En su segunda apertura de la temporada, estableció un récord de la MLB con 39 lanzamientos a más de 100 mph, pero tuvo una efectividad de 7.62 en el juego del domingo gracias en parte a los 11 jonrones líderes en las mayores esta temporada. También ha permitido 15 bases por bolas en 26 entradas.

“No estoy enfocado en victorias o derrotas este año. Ese no es mi enfoque”, dijo. “Tienes que abrazar todos los pensamientos y emociones en ese momento y simplemente salir y divertirte. Con suerte, voy a tener muchas más oportunidades para eso”.

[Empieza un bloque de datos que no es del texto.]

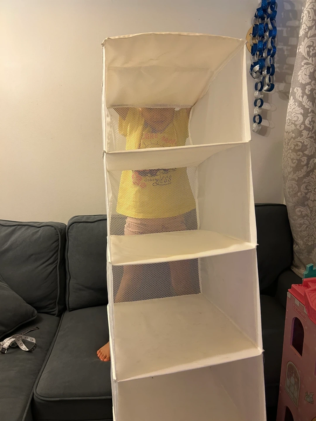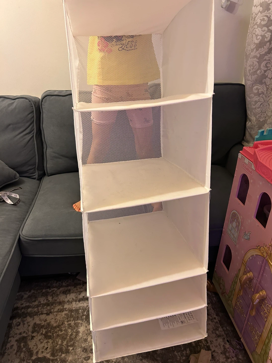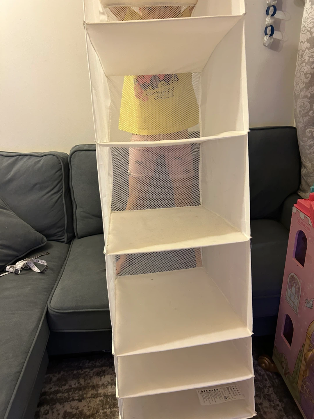 Here's a IKEA white hanging closet organizer to help maximize your closet space! This organizer features multiple shelves, perfect for storing clothes, shoes, or accessories. It's in great condition and ready to use

El abridor de los Pirates, José Quintana, mantuvo a los Rojos sin carreras durante siete entradas, permitiendo tres hits y ponchando a cinco.

“Greene lanzó muy bien. Eso es duro, duro para él. Pero seguimos presionando”, dijo Quintana. “Nunca había visto eso antes, pero es genial obtener la victoria”.

Chris Stratton (2-1) sorteó un empate de dos y un out en el octavo. David Bednar trabajó un noveno limpio para su séptimo salvamento.